• [Input data]:
▼

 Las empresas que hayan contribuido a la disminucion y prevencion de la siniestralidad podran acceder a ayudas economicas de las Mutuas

▲
▼

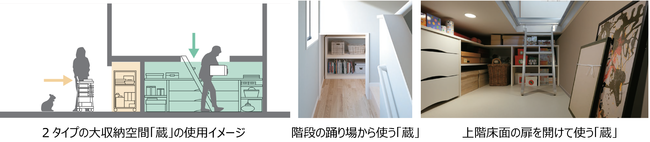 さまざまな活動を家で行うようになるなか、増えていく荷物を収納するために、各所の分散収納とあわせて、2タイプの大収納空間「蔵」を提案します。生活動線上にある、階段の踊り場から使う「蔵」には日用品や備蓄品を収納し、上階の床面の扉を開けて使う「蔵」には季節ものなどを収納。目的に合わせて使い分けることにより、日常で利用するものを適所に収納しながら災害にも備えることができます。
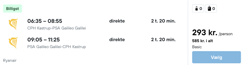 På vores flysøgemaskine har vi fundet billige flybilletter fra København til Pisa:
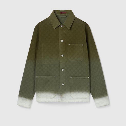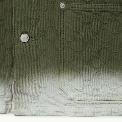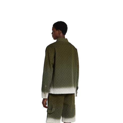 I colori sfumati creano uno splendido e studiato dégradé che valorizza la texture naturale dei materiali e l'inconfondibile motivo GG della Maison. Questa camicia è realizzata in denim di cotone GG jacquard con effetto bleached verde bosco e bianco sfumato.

▲
▼

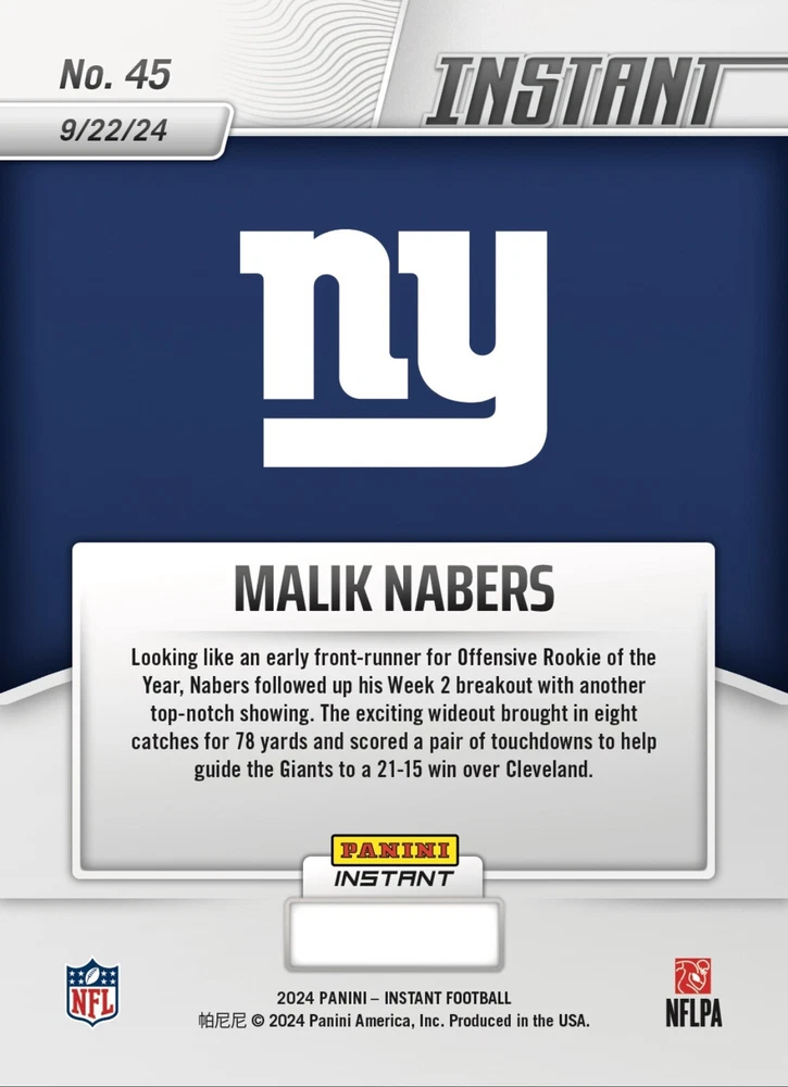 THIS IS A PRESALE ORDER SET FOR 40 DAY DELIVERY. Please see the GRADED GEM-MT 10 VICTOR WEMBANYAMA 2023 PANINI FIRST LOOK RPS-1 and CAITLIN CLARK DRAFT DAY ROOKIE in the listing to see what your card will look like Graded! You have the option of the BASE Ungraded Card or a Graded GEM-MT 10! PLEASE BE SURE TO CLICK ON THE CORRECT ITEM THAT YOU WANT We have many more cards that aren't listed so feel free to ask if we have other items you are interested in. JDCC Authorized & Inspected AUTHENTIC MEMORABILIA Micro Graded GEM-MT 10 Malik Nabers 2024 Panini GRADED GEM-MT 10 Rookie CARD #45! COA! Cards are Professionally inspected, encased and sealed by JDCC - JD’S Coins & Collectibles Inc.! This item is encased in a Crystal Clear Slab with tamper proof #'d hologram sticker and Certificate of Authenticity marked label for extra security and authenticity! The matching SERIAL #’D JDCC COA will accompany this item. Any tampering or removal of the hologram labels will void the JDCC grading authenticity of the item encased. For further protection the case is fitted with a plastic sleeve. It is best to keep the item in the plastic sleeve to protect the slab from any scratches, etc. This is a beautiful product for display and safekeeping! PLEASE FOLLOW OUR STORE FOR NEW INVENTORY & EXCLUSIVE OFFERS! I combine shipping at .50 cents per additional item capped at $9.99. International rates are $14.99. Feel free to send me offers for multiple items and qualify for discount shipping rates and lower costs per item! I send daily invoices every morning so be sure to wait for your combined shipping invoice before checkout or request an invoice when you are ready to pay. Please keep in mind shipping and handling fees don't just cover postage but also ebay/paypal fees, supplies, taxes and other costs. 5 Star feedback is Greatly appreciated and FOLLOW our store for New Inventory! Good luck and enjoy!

▲

• [Your objective]:
In the records above, find the line with "さまざまな活動を家で行うよう". Print exactly from there through the line with "I colori sfumati", minus the pictures.

• [Finished task]:
 さまざまな活動を家で行うようになるなか、増えていく荷物を収納するために、各所の分散収納とあわせて、2タイプの大収納空間「蔵」を提案します。生活動線上にある、階段の踊り場から使う「蔵」には日用品や備蓄品を収納し、上階の床面の扉を開けて使う「蔵」には季節ものなどを収納。目的に合わせて使い分けることにより、日常で利用するものを適所に収納しながら災害にも備えることができます。
 På vores flysøgemaskine har vi fundet billige flybilletter fra København til Pisa:
 I colori sfumati creano uno splendido e studiato dégradé che valorizza la texture naturale dei materiali e l'inconfondibile motivo GG della Maison. Questa camicia è realizzata in denim di cotone GG jacquard con effetto bleached verde bosco e bianco sfumato.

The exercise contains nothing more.